Dean's face darkened. "Bobby made me sit through the corporate restructuring briefing," he griped.
"Dean, everybody had to sit through the corporate restructure briefing," Sam reminded him.
"He made me sit through it again!" Dean practically pouted. "Twice!"
"Well, you should've taken it more seriously first time around," Sam told him a little primly.
"How the fuck am I supposed to take that sort of thing seriously?" Dean asked the uncaring universe, "What difference is it gonna make to the way I do my job, huh? Will it make black dogs easier to kill? Will it help me identify a rugaru? Noooooo, some bean-counter comes to talk to us about the way the chairs are gonna be re-arranged in the bigwigs' boardroom, and..."
"The restructuring of the Senior Leadership Team is actually a big deal," Sam interrupted, "And if you'd paid attention, you'd know that! It brings FOOCER under the aegis of..."
"I did pay attention!" Dean cut in, "I even offered to join the group who would brief everybody on the changes! I put my hand up to be a Change Champion, Sam! Just like you! I was willing to do my bit for the organisation of the organisation!"
"Yeah, you were," Sam agreed, "And what a triumph that turned out to be."
"It's not my fault if they wouldn't take me seriously," Dean complained snippily.
"Dean, they wouldn't take you seriously because you wouldn't take the whole process seriously!" Sam snapped back.
"I did so," Dean said sulkily, "I turned up to the Change Champion workshop and everything!"
"Well, maybe you might've been taken more seriously if you'd tried to be a bit more professional about it," suggested Sam.

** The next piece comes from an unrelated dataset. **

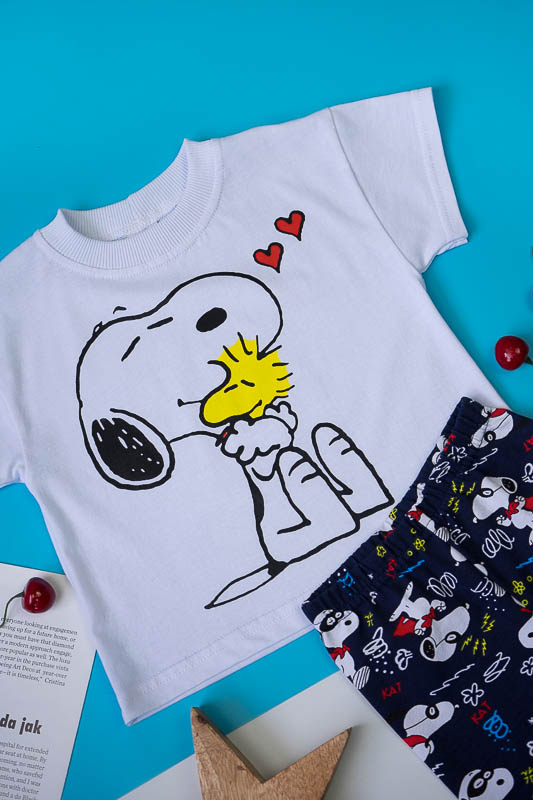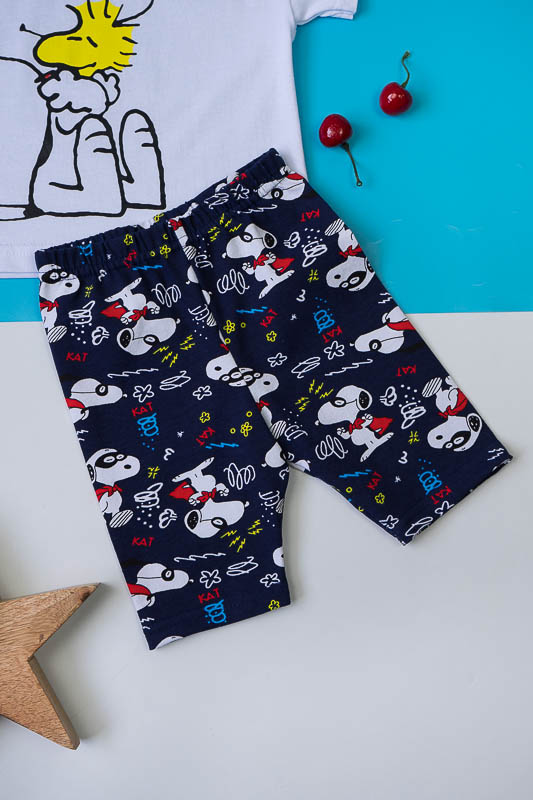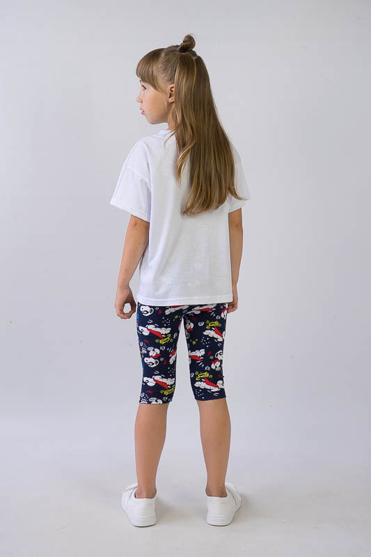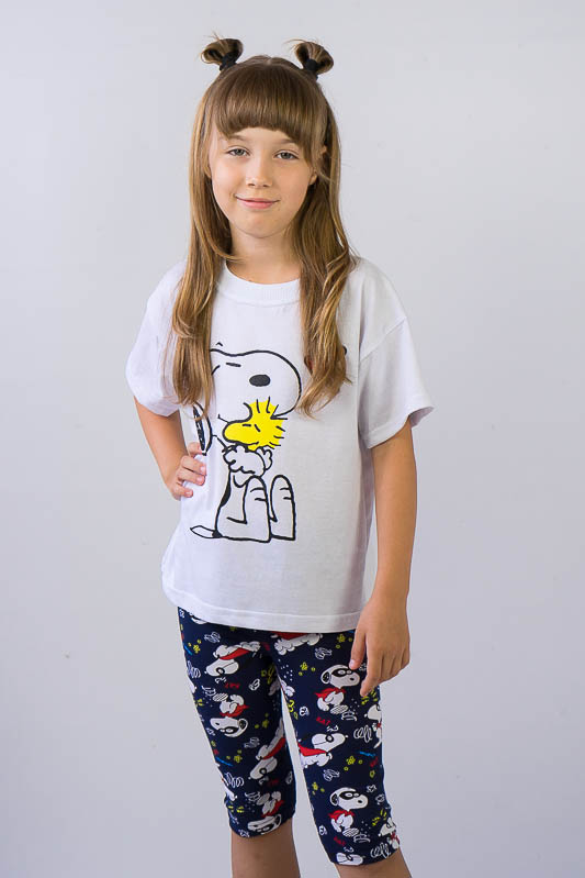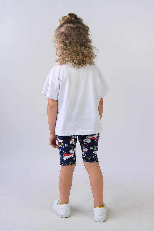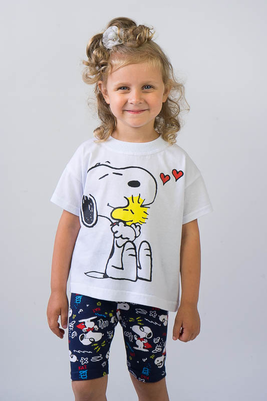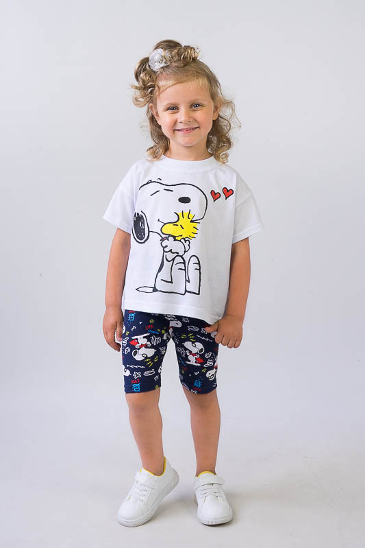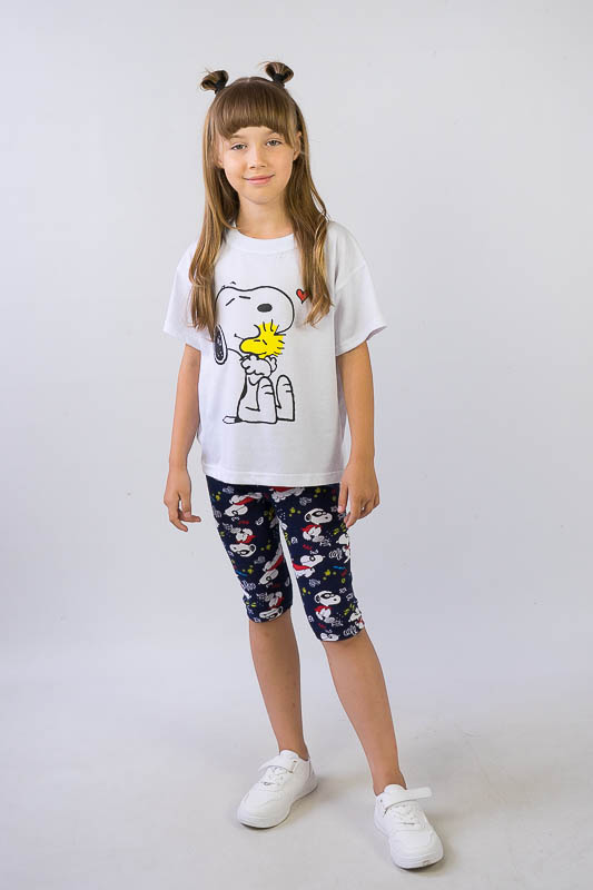 Легкий і практичний літній комплект для дівчаток від ТМ «Гном» - ідеальний варіант для активного відпочинку. Складається комплект з об'ємної футболки в стилі «oversize» і зручних еластичних трес. Об’єднує частини комплекту загальний малюнок персонажу коміксів - песика Снупи. Виготовлений комплект з комбінації різних трикотажних полотен - куліра і фулікри. Основою цих полотен є бавовна. Однак для еластичності в фулікру додана лайкра, через що цей матеріал ще називають стрейч-кулір. Це сприяє полотну не витягуватись і зберігати форму після численних прань. В цілому комплект добре вбирає вологу, не сідає, тримає форму, гіпоалергенний, що дуже важливо в спекотну літню погоду. Виріб невибагливий у догляді, його можна прати при температурі до 40°C в делікатному або ручному режимі, не використовувати відбілювачі або порошки з відбілювачами.

"I was!" Dean insisted, "I was on time and everything!"
Dean, you turned up wearing a suit of armour!"
"Yeah, I was gonna be somebody's champion, that's how you do it."
"Seriously, I still haven't gotten an adequate answer out of you, what the fuck possessed you to turn up in chainmail?"

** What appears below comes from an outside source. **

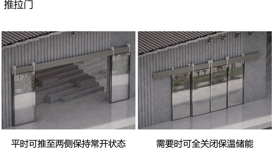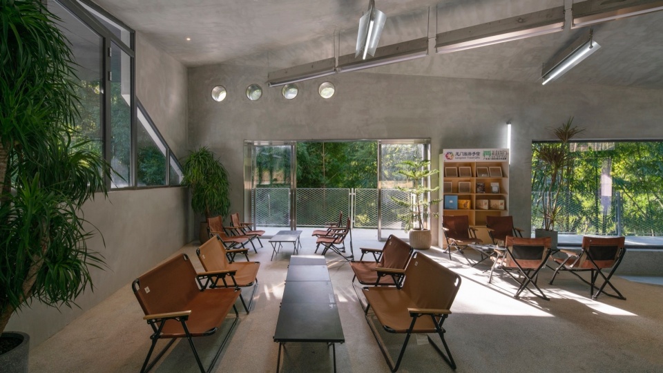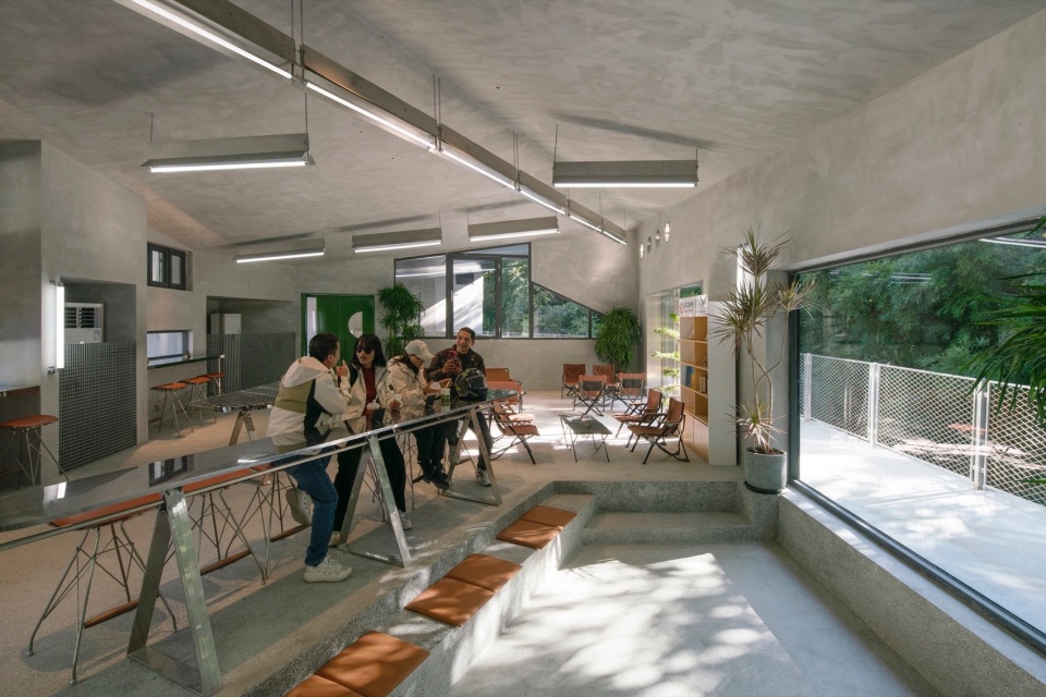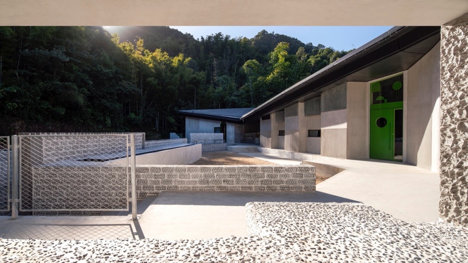 The doors, windows, and exhaust outlets on the facade are also treated with tectonic intent. The doors and windows integrate green paint, mirror-finish stainless steel, and glass, creating visual focal points on the concrete walls that blend harmoniously with the natural hues of the wilderness. The exhaust outlets are embedded in the vertically textured fair-faced concrete walls, adopting an industrial style with steel grids and metal frames that form a striking contrast with the ruggedness of the concrete.

"Well, you'd have pulled the mother of all Bitchfaces if I'd worn a cape with my shorts over my pants and called myself Captain Corporate..."
Sam pinched the bridge of his nose, visibly reining in his temper. "Okay, let's see... yeah, there. It's just a couple of streets from here. Let's go."

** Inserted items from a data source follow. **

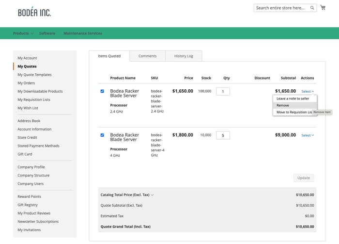 View / Send for Review / Delete Quote / Edit Quantity / Delete SKU / Add Comments / Edit Shipping Address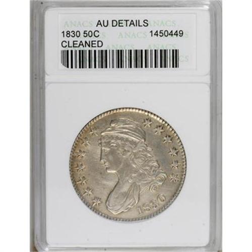 <B>1830 50C Small 0--Cleaned--ANACS. AU Details.</B></I> NGC Census: (73/996). PCGS Population (100/659). Mintage: 4,764,800. Numismedia Wsl. Price for NGC/PCGS coin in AU50: $221. (#6156)<BR><BR><B>Coin Engraver:</B> John Reich<BR><BR><b>Shipping:</b> Coins & Currency (<a target="_blank" href="http://www.heritageauctions.com/common/shipping.php">view shipping information</a>)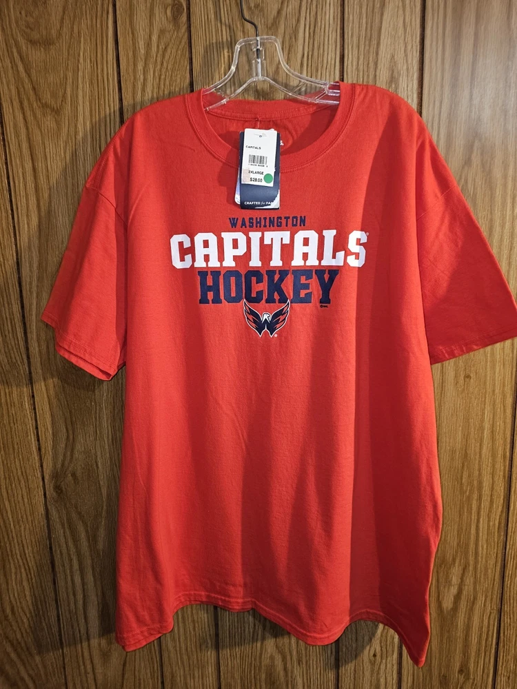 Show off your love for the Washington Capitals with this brand new, officially licensed NHL t-shirt from Fanatics. This vibrant red shirt features the team's graphic logo prominently on the chest, making it the perfect addition to any fan's wardrobe. Constructed with high-quality materials in Nicaragua, this men's 2XL shirt is perfect for regular season games and beyond. Whether you're at the stadium or just out and about, this t-shirt is sure to make a statement and show your support for the Capitals.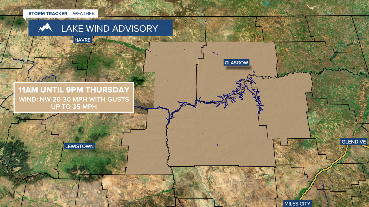 A LAKE WIND ADVISORY is in effect for Fort Peck Lake from 11am until 9pm Thursday. Sustained wind speeds are going to be between 20 and 30 mph, and wind gusts up to 35 mph are going to be possible at times.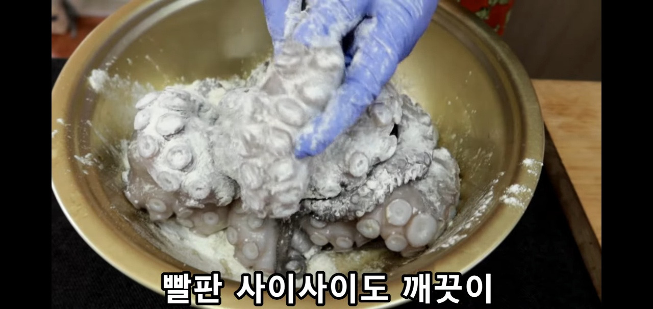문어를 삶기 전에 이물질과 비린내를 없애는 과정을 거쳐볼게요. 밀가루 한 컵을 문어에 골고루 뿌리고 잘 버무려주세요.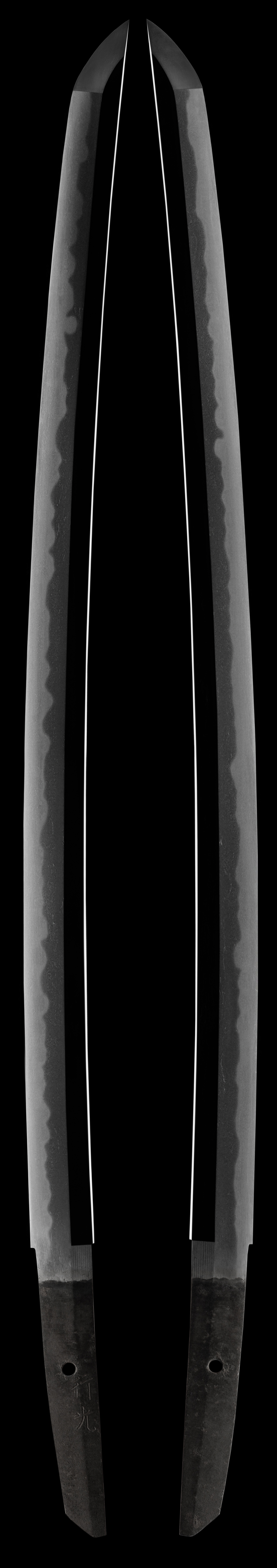 From the Mino Gokkaden The kashu school flourished in Kaga province. It was there that a castle town was built by Maeda Toshiie who was one of Oda Nobunaga's retainers. It was in koto times that the fujishima school started to produce swords in this area. The three schools of note from that area was the Darani, the kiyomitsu and the kaga seki. This sword has a very elegant sori and is signed with a 2 character signature of yuki mitsu.The first Yukimitsu is believed to be the son of Tomoshige. The Yukimitsu smiths show strong Soshu characteristics and also that of the Yamato school. Their tradition flourished into the Shinto era. The hada is composed of a masame-nagare with a hint of itame with ji-nie that jumps off the blade. The hamon is an erratic gunome-midare with togare-ba and much activity. The hamon is just layered with sunagashi, kinsuji ashi and yo. The boshi is so incredibly active that one can study this feature for hours, again layered with strands of nie!! The nakago-jiri is especially kashu influenced finished in Iriyama-gata style. The fujishima smiths used this nakago-jiri often as it became known as "kashu nakago". The yukimitsu smiths used this style of nakago most of all from among the kaga group.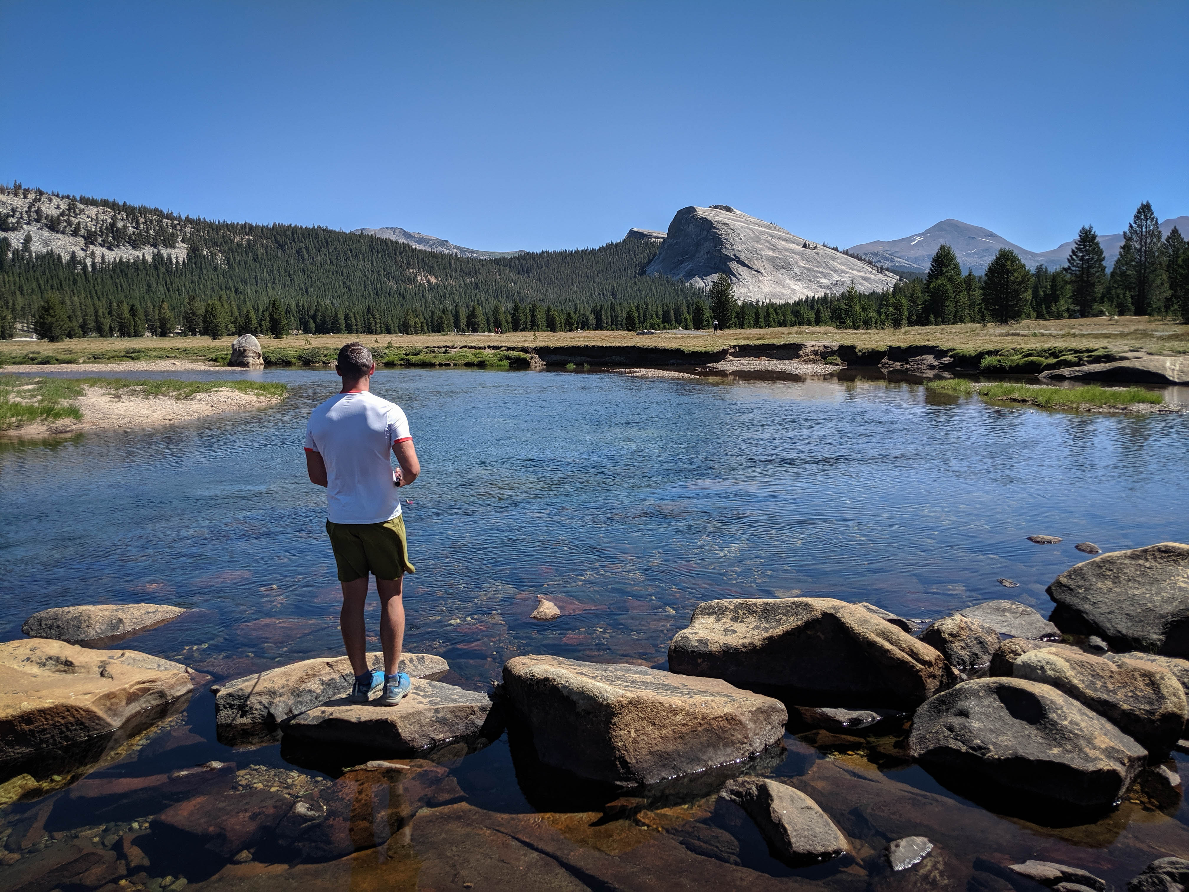 We took the scenic route through the park and stopped in Tuolumne Meadows to fish for an hour or so. Braden caught a couple of small trout, but I didn’t have any luck.

They headed back to the car, where it became apparent that a vital item was missing.
"Where's the damned wall socket charger?" complained Sam, ratting through the glove compartment, "The charger should be in here! With my power bank! Oh, God, I miss my power bank..."
"We could look in the trunk," Dean shrugged, moving to the rear of the car and opening it. "There might be some... holy crap."
"What?" Sam left of his futile search and joined his brother. "Why do you say... oh. That's... that's..."
Two battered duffel bags, scuffed and repaired, and stuffed completely full, were jammed into the trunk.
"Are they... Sammy, are those ours?" asked Dean in a dazed tone.
"Uh, well, they look like ours," Sam said uncertainly, "I mean, they look like what ours would look like, if you aged them another twenty years and occasionally ran them over with a tracked vehicle, maybe."
"If they're ours... why are they so full?" Dean paused, then went to unzip one of the completely full duffels. "Shit, there's... Sam, this is like I'm carrying my whole life around in this thing!" He unzipped the other one. "And that is definitely yours."
"Let me check," said Sam.
"No need, bro." Despite the baffling circumstances, Dean managed to find a small grin as he reached into his brother's bag and withdrew a bottle of shampoo. "This is definitely yours."
Sam snatched it away from his brother. "Okay, if I wasn't before, I am, of this moment, officially weirded out," he announced, "Why the hell are we in your car, with large quantities of our belongings in our duffels as if we've, we've, we've run away from home or something?"
"I don't know, Sam," Dean replied quietly, "But we'll figure it out."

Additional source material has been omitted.